Currently, given the level of deference of afforded to them, regulatory agencies are encouraged to keep their regulations vague, providing desired future flexibility in how they interpret and enforce the regulations. This creates an environment in which regulations fail to provide businesses with adequate specificity to determine whether particular conduct will be found to comply with the law. Real life examples of this phenomenon – and its consequences – can be found in the TCPA.
Consider, for example, the definition of “automatic telephone dialing system” or “ATDS”. When Congress adopted the TCPA, it defined ATDS as “equipment which has the capacity— to store or produce telephone numbers to be called, using a random or sequential number generator; and (B) to dial such numbers.” The regulations adopted by the FCC provide no additional clarity, instead simply parroting that the terms “ATDS” and “autodialer” mean “equipment which has the capacity to store or produce telephone numbers to be called using a random or sequential number generator and to dial such numbers.” Thus, by not adopting regulations with any greater specificity, the FCC has left itself unbridled discretion to decide the contours of what constitutes an ATDS now and in the future and to change its mind on this important question whenever it deems a change necessary. And, of course, the continued ambiguity deprives American businesses of certainty and harms consumers by making it more difficult for all companies to make decisions about how to run their business in a manner that appropriately balances using cost-efficient technologies without running the risks of catastrophic TCPA exposure.

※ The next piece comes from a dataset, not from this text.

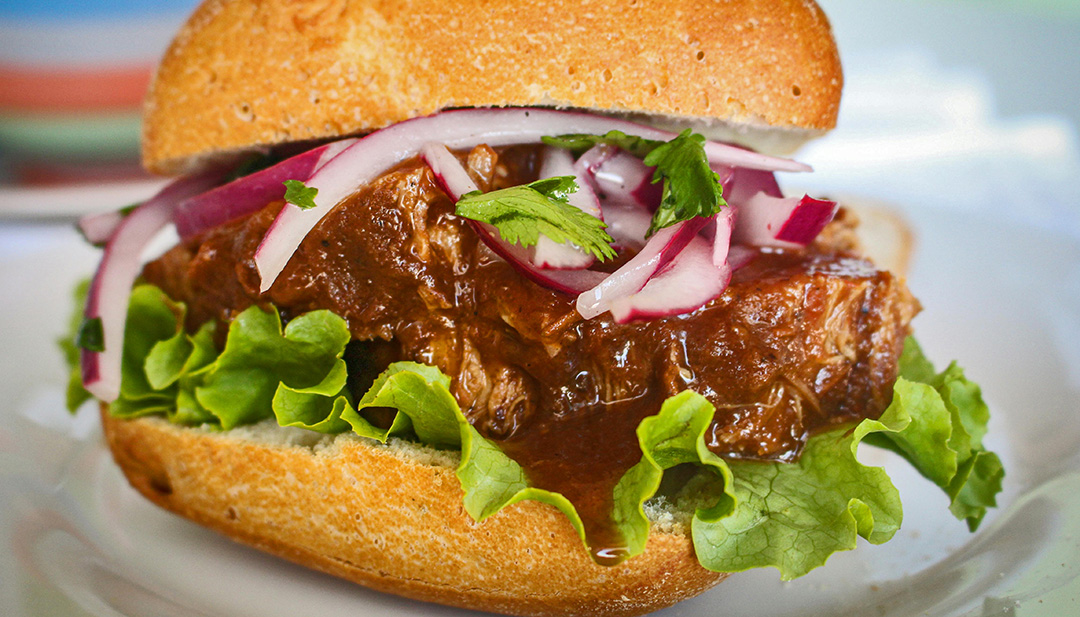 - Shred pork with forks, add it to the sauce and slowly mix until fully combined
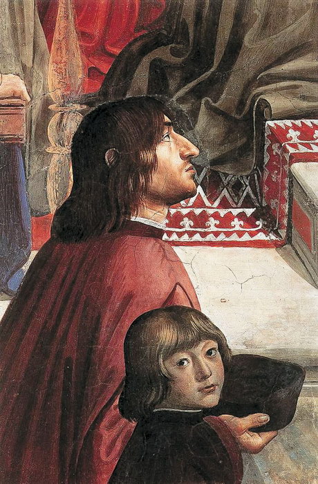Д. Гирландайо. Утверждение устава францисканского ордена папой Гонорием III. 1482–1485 гг. Фрагмент росписи капеллы Сассетти в церкви Санта-Тринита, Флоренция. Семья Медичи – Козимо Старый, его сын Пьетро и внуки Лоренцо, прозванный Великолепным (в центре, с черными волосами), и маленький Джулиано.

In theory, as courts reduce or eliminate the level of deference given to regulatory agencies to interpret the laws of Congress or their own regulations, both Congress and executive branch agencies will work harder to adopt laws that are clear and reduce ambiguities. In turn, we could see revisions to the TCPA – either the statute or the regulations, or both – that provide businesses with greater clarity. Thus, if Judge Kavanaugh is confirmed and succeeds in reducing the level of deference courts pay to federal agencies, we may see the FCC and Congress revisit the TCPA to update the statute and its implementing regulations to ensure that its reach is clear and to ensure that the FCC has sufficient authority to govern the types of calls Congress wants to regulate.
Whether Judge Kavanaugh will ultimately succeed in his efforts to fill Justice Kennedy’s seat on the Supreme Court and, if so, whether he will be able to effectuate a fundamental change in key tenants of administrative law is yet to be seen. In the meantime, however, we can hope that the current FCC will soon resolve the critical issues that have led to a surge in TCPA litigation and left businesses without much needed guidance on the scope of the TCPA.